После этого случая в летописях мы больше не находили упоминаний о бродниках как о народе, или, точнее, как о независимой воинствующей общине. Очевидно, частью они растворились в татарской Орде, частью были ею истреблены. Но тропы, исстари протоптанные из Руси в приднепровские степи, конечно, не заросли травой: в поисках воли много веков еще тянулся по ним с севера беглый и отчаявшийся люд, которому нечего было терять на родине.

* * *

— И долго ты пробыл в бродниках? — спросил Карач-мурза, не столько из любопытства, сколько из желания отвлечь беднягу от тяжких воспоминаний, которые, видимо, им всецело овладели.

— Без малого десять годов, — не сразу ответил Макар и вновь погрузился в молчание.

— Ну и как тебе в те годы жилось?

— Эх, боярин, и вспоминать неохота! Ну да уж раз начал, доскажу все, приму за грехи мои одною мукою больше… Как жил, спрашиваешь? Паскудно жил, одно слово. Попавши в волчью стаю, по-овечьи жить не будешь! К тому еще и горе мое лютое оледенило мне сердце — был я в ту пору и впрямь хуже всякого волка. Многим литовским панам в те годы отлились мои слезы кровью. Но пуще всего искал я тогда сотника, что вел из Брянска полон и продал наших баб татарам. И, на беду, сыскал.

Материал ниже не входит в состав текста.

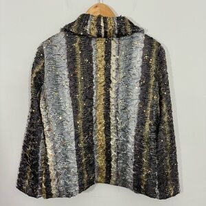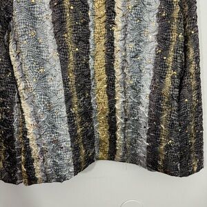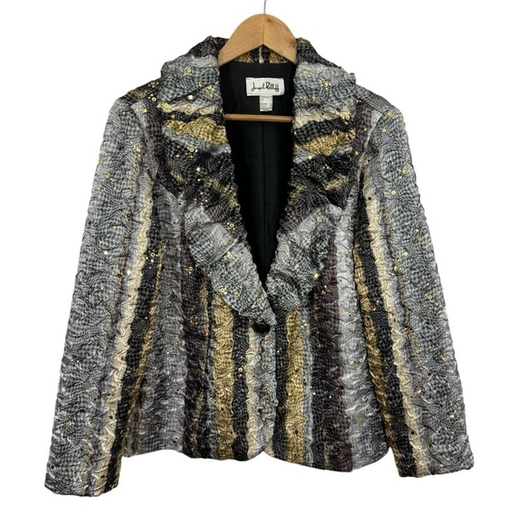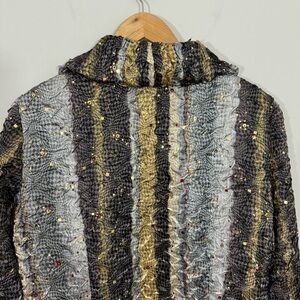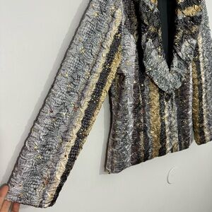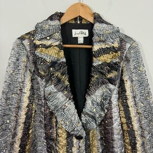 Stylish textured jacket with a mix of gray, gold, and black tones. Features a unique pattern and elegant design. Perfect for any occasion.

Помню, как ночью наша ватага окружила его хутор на Подольщине. Враз перевязали сонную дворню, а господ прямо с теплых постелей выволокли на двор… Дом ограбили и подпалили с четырех концов, а сотника — был он, кажись, из ляхов — посредь грядки с цветами посадили на кол, лицом к дому, и видел он оттеда, как потешались ребята над его женой, а после, раскачавши, кинули ее в огонь. А за нею и всех домочадцев… И вот, слышь, бегит до меня мальчонка годов четырех — сынок того пана — и ручонки тянет, а у самого в глазах семь смертей… И разом вспомнил я своего Мишатку — вот тако же, думаю, когда избу мою жгли, он к им, к катам ручки тянул, а они его… Зажмурился я и пнул того хлопчика ногою в пламя…

Голос рассказчика перехватило. Карач-мурза искоса поглядел на него: Макар был бледен, как труп, губы его тряслись, а может, читали молитву.

— Так вот, — продолжал он, справившись со своим волнением, — с той поры и нет мне покою. Веришь, руки и ноги с радостью дал бы себе отсечь, еще бы и глаза на придачу выколол, чтобы возможно было тому младенцу невинному жизнь воротить! С того дня я боле не злодействовал, а бродил по степу один, как Каин, потеряв счет дням и годам. Все слышалось мне, как закричал он тогда, ровно заяц… И всякую ночь ложился словно на плаху — наперед уже знал, что мне во снах привидится. В конце порешил идти в монастырь, свой великий грех замаливать. Пришел я тогда прямо в Москву и покаялся во всем самому святителю. Выслушал он меня и говорит: «Страшен твой грех, Макар, но властью, от Бога мне данной, я его тебе отпущаю, ибо вижу: не злодей ты в сердце своем, а заблудшая и замученная душа. Но пострига тебе ноне не дам — наложу пять годов епитимьи. Ты супротив людей грешил, вот и послужи сперва людям, а там уж и Богу послужишь. А что делать, я тебе стану указывать».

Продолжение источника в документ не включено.